In La Tauromaquia, created and assembled between 1814 and 1816, Goya focused his attention on the drama of the bullfight. The series begins with illustrations of the origins and history of bullfighting and ends with the extraordinary acrobatic feats of Martincho, famous for his daring stunts, one of which involved him vaulting from a table over a bull with his feet shackled. Goya treats this event with his typically innovative style, relying less on etching and more on beautifully modulated aquatint to create remarkable spatial and formal effects. It is only in early impressions, such as the present lot, that the full effect of this aquatint is apparent. Whilst the subjects vary, consistent throughout the entire series is his almost painterly style which is especially evident in his use of shading. As Sanchez and Gallego point out, the Tauromaquia shows '...a masterly ability to portray movement, to capture the tense excitement and muscular vitality of the corrida, and this with an unerring sense of when to play with chiaroscuro effects, in the Baroque manner, to suggest the tragedy and cruelty that accompany the fateful encounter of man and beast.'
(A. Sanchez & J. Gallego, Goya: The Complete Etchings and Lithographs, New York, 1995.)

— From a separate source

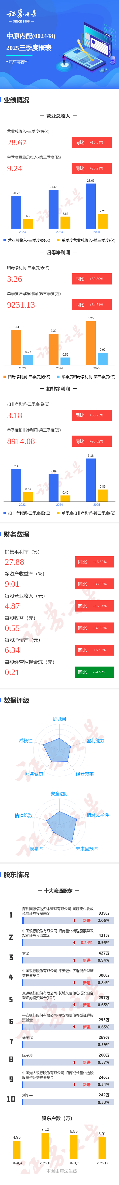 证券之星消息,中原内配2025年三季报显示,公司主营收入28.67亿元,同比上升16.35%;归母净利润3.26亿元,同比上升39.89%;扣非净利润3.18亿元,同比上升55.76%;其中2025年第三季度,公司单季度主营收入9.24亿元,同比上升20.22%;单季度归母净利润9231.13万元,同比上升64.72%;单季度扣非净利润8914.08万元,同比上升95.82%;负债率31.59%,投资收益3106.17万元,财务费用876.81万元,毛利率27.88%。

Bound in with the present set is a letter dated 14 July 1924 by José Sánchez Gérona, the by then retired director of the Escuela Nacional de Artes Graficas and of the Calcografia, Madrid, explaining that this was given by Goya to friend and banker Muguiro and that it originally consisted of 32 plates only, but was later completed with an impression plate 33 on a smaller sheet. He also notes that this set was recorded by Delteil. Unfortunately the addressee's name of this letter has been erased, but it seems that Sánchez Gérona was offering this set to a prospective buyer.
Delteil does indeed mention this set in his catalogue raisonné of Goya's printed works: 'M. S. Gerona possède un exemplaire exceptionnel de cette 1re édition, provenant de la famille Muguiro et qui formé au fur et à mesure, ne renfermait à l'origine que 32 planches; il fut complété par la suite'. He seems to imply that at the time the Muguiro family acquired the set, Goya had not yet completed the series. It now seems impossible to prove why the set lacked the final plate, but it is very rare to find sets of Goya prints which can be linked directly to the artist and the first owners, such as the present one. Juan Bautista Muguiro and Goya met during their exile in Bordeaux, there were family ties through marriage (the sister of Xavier Goya married into the Muguiro family), and in 1827, one year before his death, Goya painted a portrait of his friend Muguiro, which is now at the Prado in Madrid.
We are grateful to Juliet Wilson-Bareau, London, for her help in cataloguing this lot.